Mercury(I) sulfate, commonly called mercurous sulphate (UK) or mercurous sulfate (US) is the chemical compound Hg2SO4.[2] Mercury(I) sulfate is a metallic compound that is white, pale yellow or beige powder.[3] It is a metallic salt of sulfuric acid formed by replacing both hydrogen atoms with mercury(I). It is highly toxic; it could be fatal if inhaled, ingested, or absorbed by skin.

Structure

The crystal structure of mercurous sulfate is made up of Hg22+ dumbbells and SO42− anions as main building units. Hg22+ dumbbell is surrounded by four Oxygen atoms with Hg₋O distance ranging from 2.23 to 2.93 Å, whereas Hg-Hg distance is approximately 2.500Å.[4] Studies have shown mercury(I) sulfate to have the mercury atoms arranged in doublets with a bond distance of 2.500Å. The metal atom doublets are oriented parallel to the an axis in a unit cell. Mercury doublets form part of infinite chain SO4 - Hg - Hg - SO4 - Hg - Hg - … The Hg - Hg - O bond angle is 165°±1 . The chain crosses the unit cell diagonally. The mercury sulfate structure is held together by weak Hg-O interactions.

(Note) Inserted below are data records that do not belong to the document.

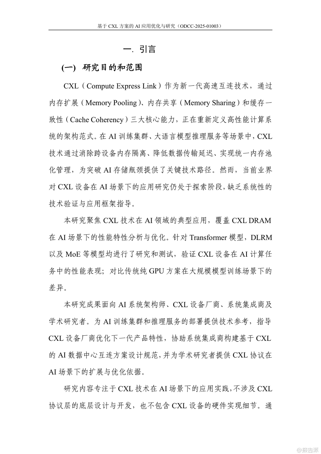 | CXL(Compute Express Link)作为一种基于PCIe 5.0的高速互连技术,正在成为破解AI算力与存储瓶颈的关键路径。 近日,开放数据中心委员会(ODCC)发布《2025年基于CXL方案的AI应用优化与研究》白皮书,系统探讨了CXL技术在MoE、LLM和GNN三大AI场景中的应用潜力与实测性能,为下一代AI数据中心的架构演进提供了权威指引。 CXL技术凭借内存扩展、内存共享和缓存一致性三大能力,打破了传统计算架构中CPU与GPU之间的内存孤岛。 尤其是在AI大模型训练和推理过程中,GPU显存容量有限的问题愈发突出,而CXL通过Type 3设备实现的内存池化,可将系统内存扩展至本地内存的10倍以上。 三星推出的CMM-D、SK海力士的CXL DRAM等产品已进入商用阶段,标志着CXL从实验室走向规模化部署。 在MoE(混合专家模型)场景中,模型参数庞大,推理时面临严重的“内存墙”问题。 白皮书提出首个基于CXL的MoE卸载框架——MoE Offload,利用CMM-D的大容量存储专家参数,并通过计算次序优化、I/O管理、流水线调度和预测性预取四项核心技术,显著降低GPU等待时间。 实测显示,该方案最高可节省82%的GPU内存占用,在内存减少55%的情况下性能损失仅为31%,展现出极高的性价比。 针对大语言模型(LLM)推理中的KV缓存膨胀问题,传统方案依赖SSD卸载,但存在高延迟瓶颈。 本研究构建了基于CXL的多层KV缓存系统,利用CXL内存作为锁页内存池,结合DMA实现低延迟传输。 通过预取优化、多进程并行和存储重叠技术,使数据传输与计算充分重叠。 实验表明,新方案相较旧DRAM方案提升7%,相较无CXL方案性能提升达21%,有效弥合了CXL与本地内存的性能差距。 在图神经网络(GNN)训练中,超大规模图数据常需从SSD加载特征,造成严重I/O瓶颈。 CMM-D GNN方案将图结构与特征数据迁移至CXL内存,并结合NVIDIA的UVA(统一虚拟寻址)技术,实现GPU对CXL内存的直接访问。 测试数据显示,CMM-D方案相较SSD方案训练效率提升8倍,相较传统DRAM方案提升2.5倍,大幅缩短了采样与聚合阶段的等待时间。 综合来看,CXL不仅是硬件层面的升级,更是AI系统架构的范式变革。 它通过统一内存池化,实现了计算资源与存储资源的弹性调度,显著提升了AI训练与推理的能效比。 随着CXL 3.0协议的推进,未来在跨节点内存池化、智能资源调度等方面还将释放更大潜力。 ODCC此次研究为AI基础设施的演进提供了扎实的技术路径,预示着2025年CXL将在AI数据中心迎来规模化落地的关键拐点。 出品方:ODCC 发布时间:2025年 文档页数:55页
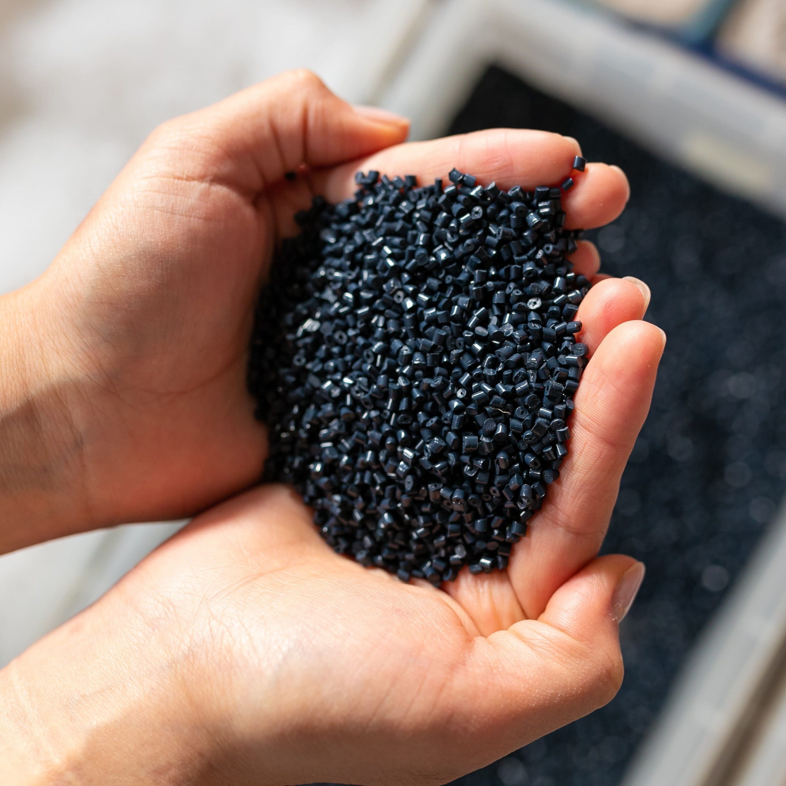 Materia prima plástica reciclada, a partir de desechos de polietileno es convertida en pellets de altísima calidad.
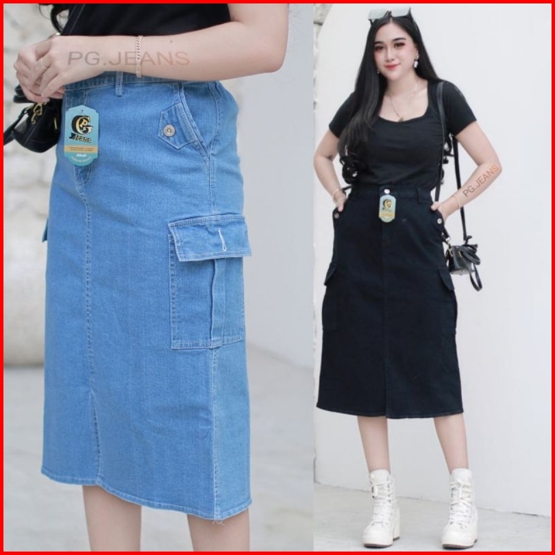 Gpjeans Trend Rok Jeans Kargo Wanita Midi Highwayst Karet Belakang
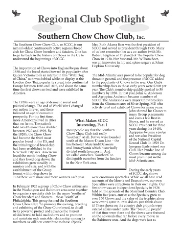 The Southern Chow Chow Club, or SCCC, is our Mrs. Ruth Adams Baer was the first president of
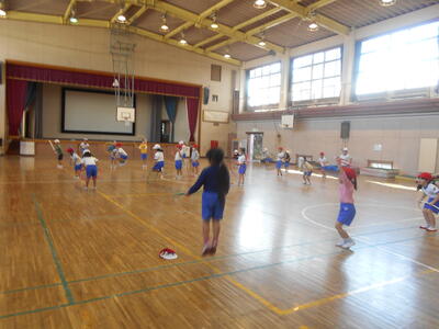 1年 体育 フラフープを使って縄跳びの前跳びのように跳び越えます!
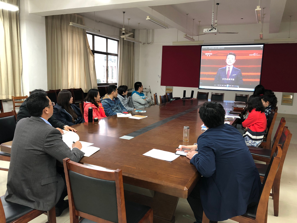 11月8日,太阳集团tyc151cc在文经楼资料室召开专题会议,继续推进解放思想大讨论活动,党总支书记梁永平主持,全院教职工集体观看专题片《平“语”近人——习近平总书记用典》第三集《国无德不兴》。
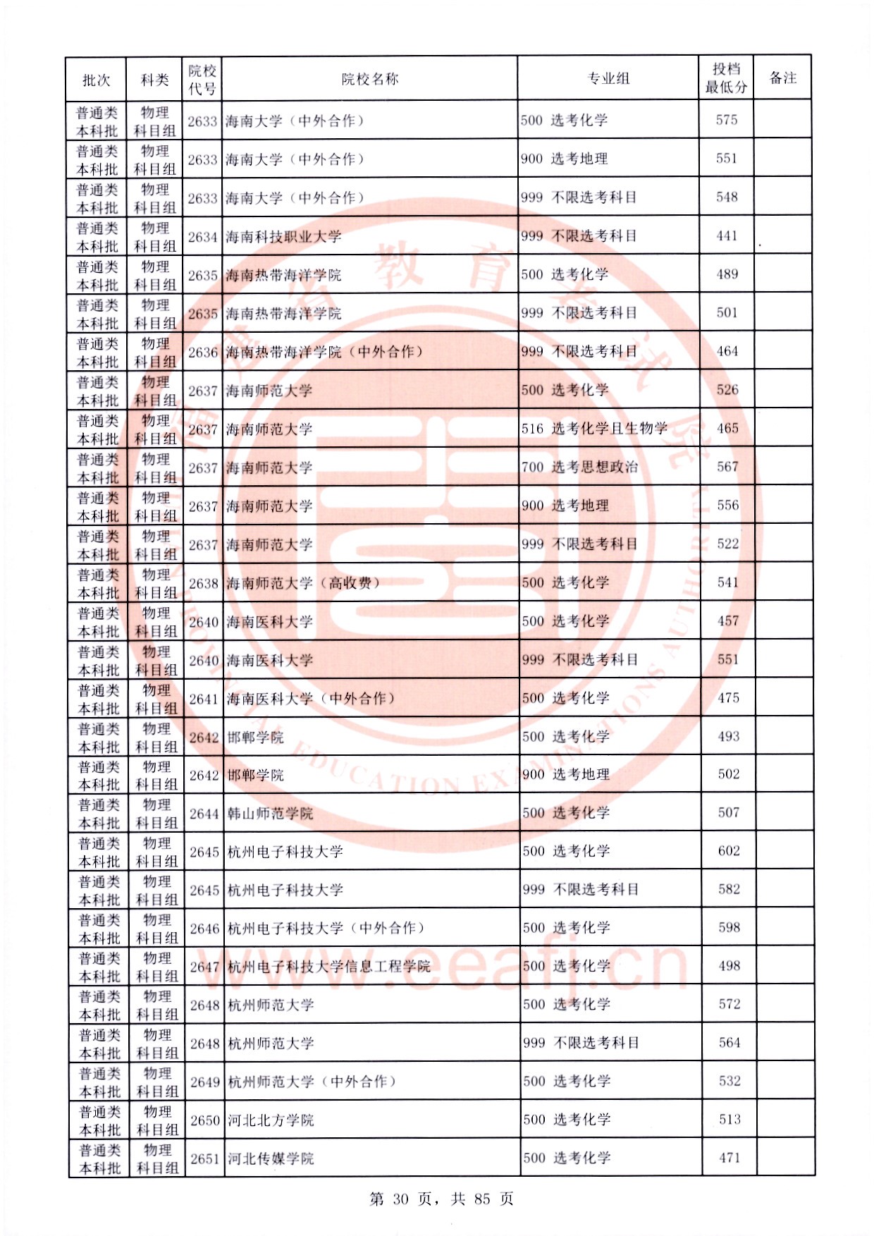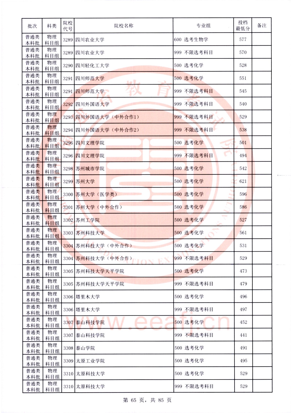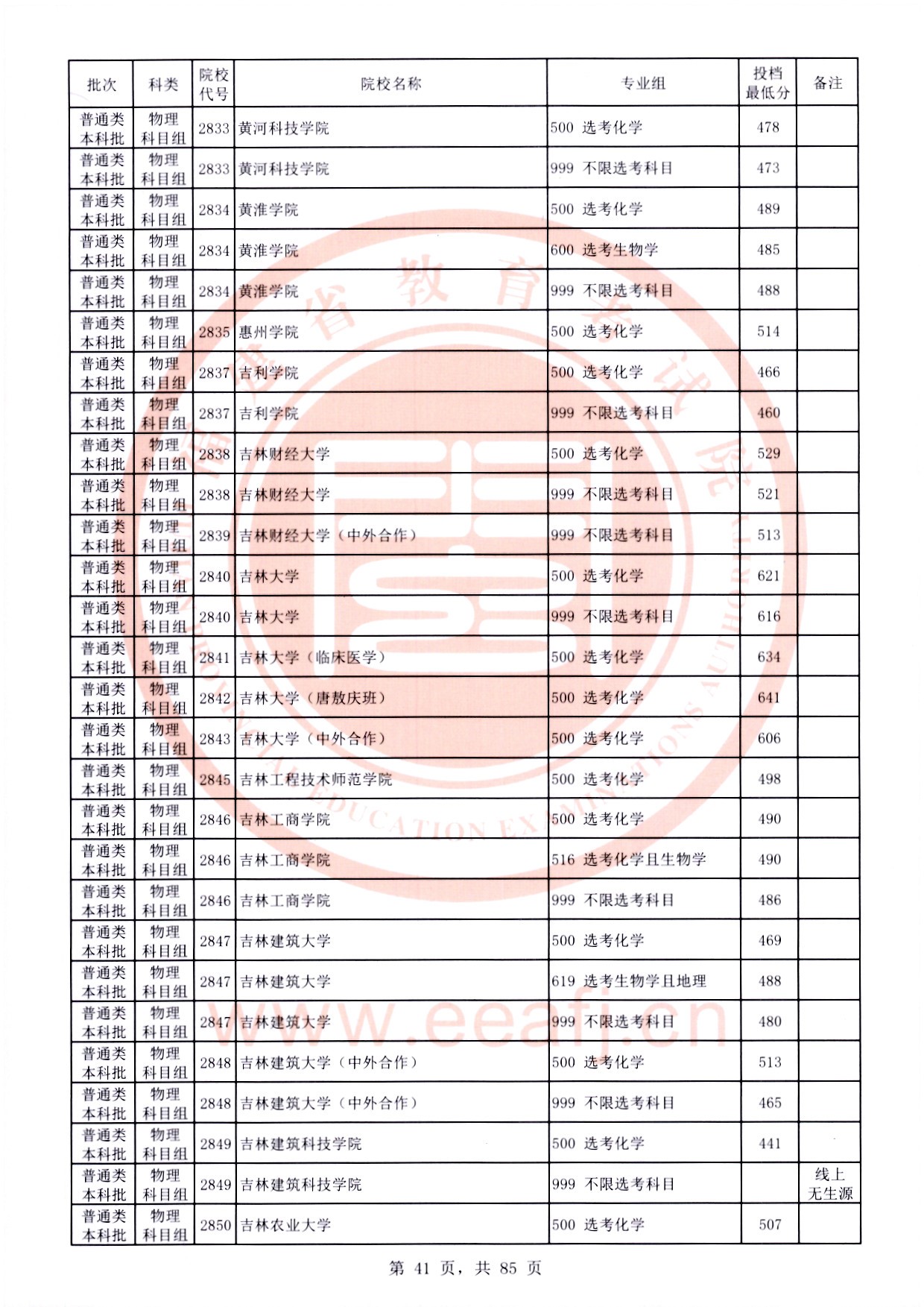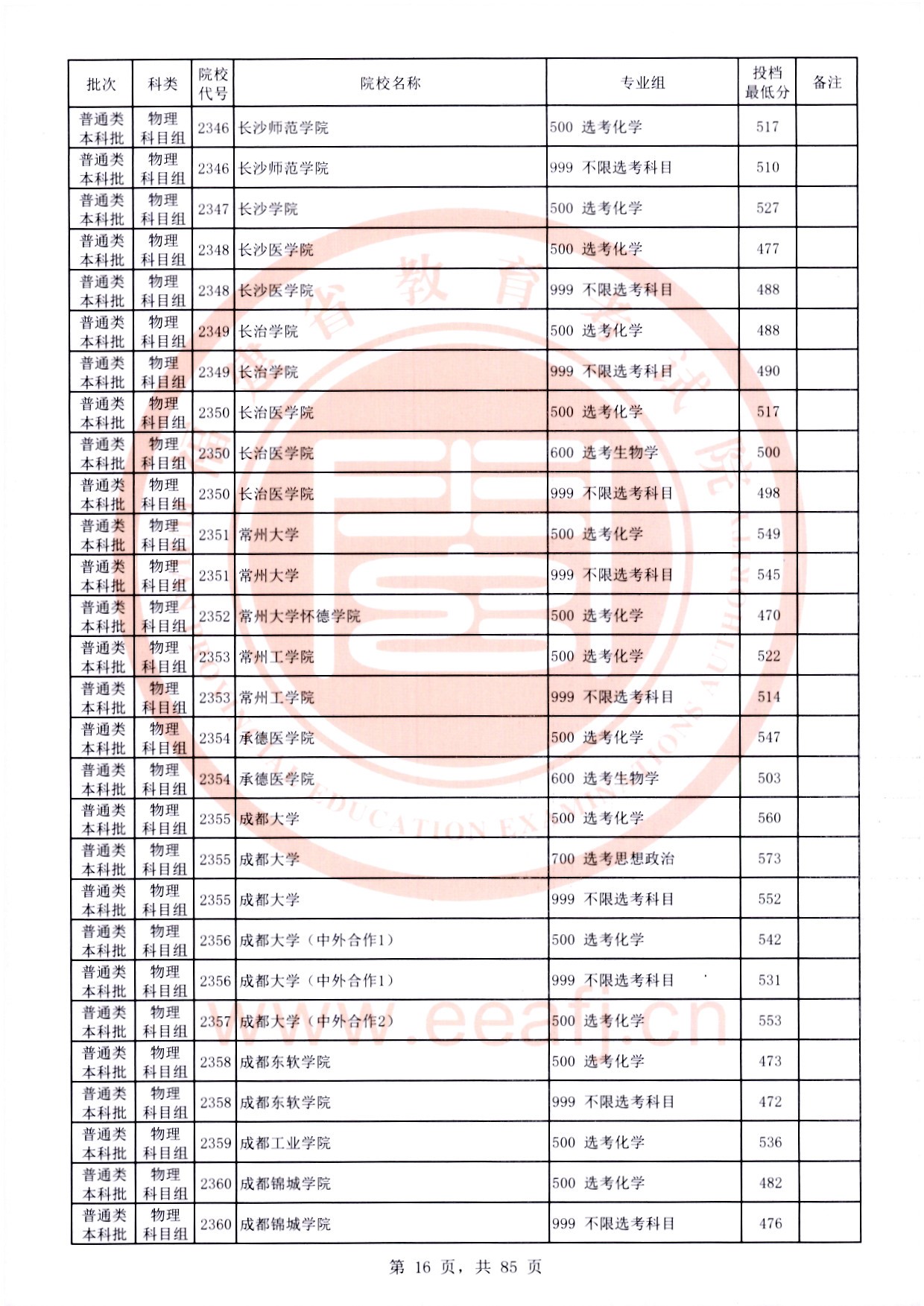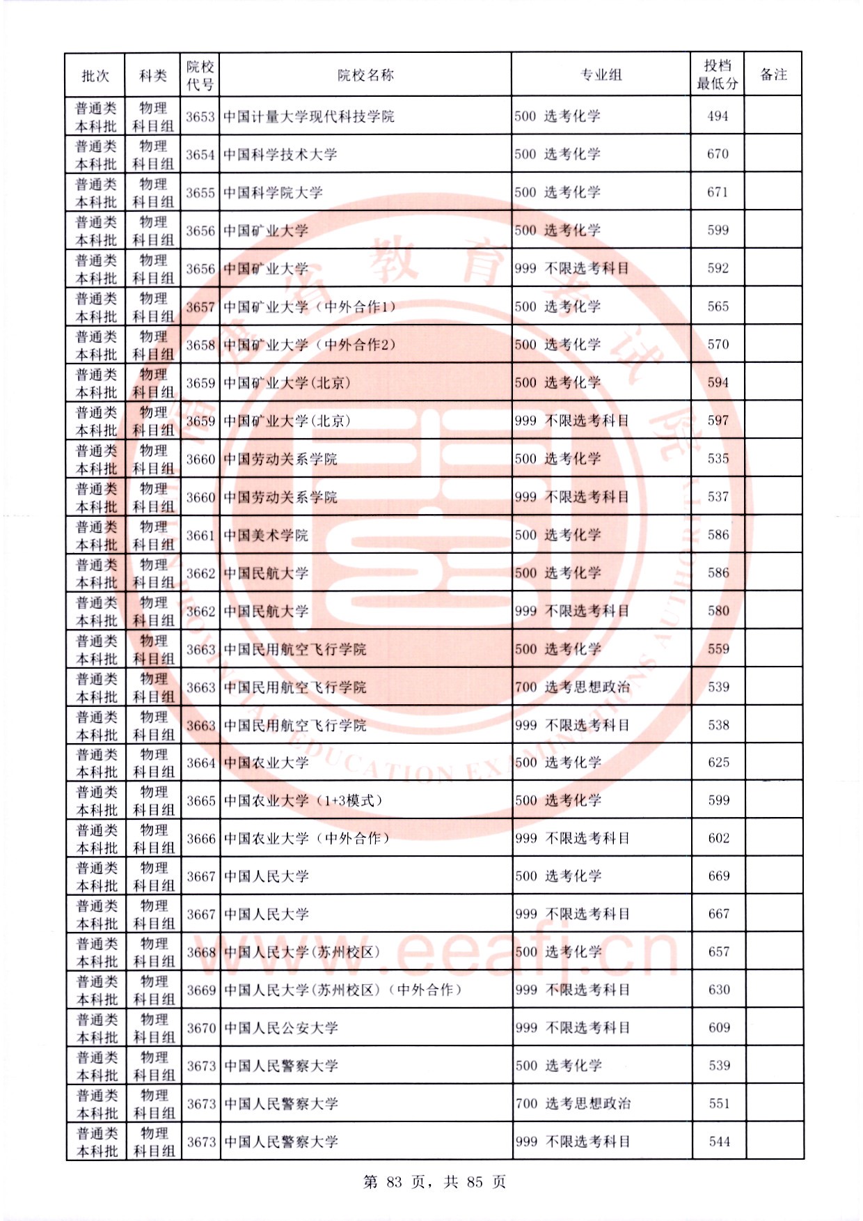 2025年普通类本科批常规志愿院校专业组投档最低分公布(物理科目组)

The SO4 does not act as a single anion, but rather coordinated to the mercury metal.[5]

Preparation

One way to prepare mercury(I) sulfate is to mix the acidic solution of mercury(I) nitrate with 1 to 6 sulfuric acid solution:,[6][7]

Hg2(NO3)2 + H2SO4 → Hg2SO4 + 2 HNO3

It can also be prepared by reacting an excess of mercury with concentrated sulfuric acid:[6]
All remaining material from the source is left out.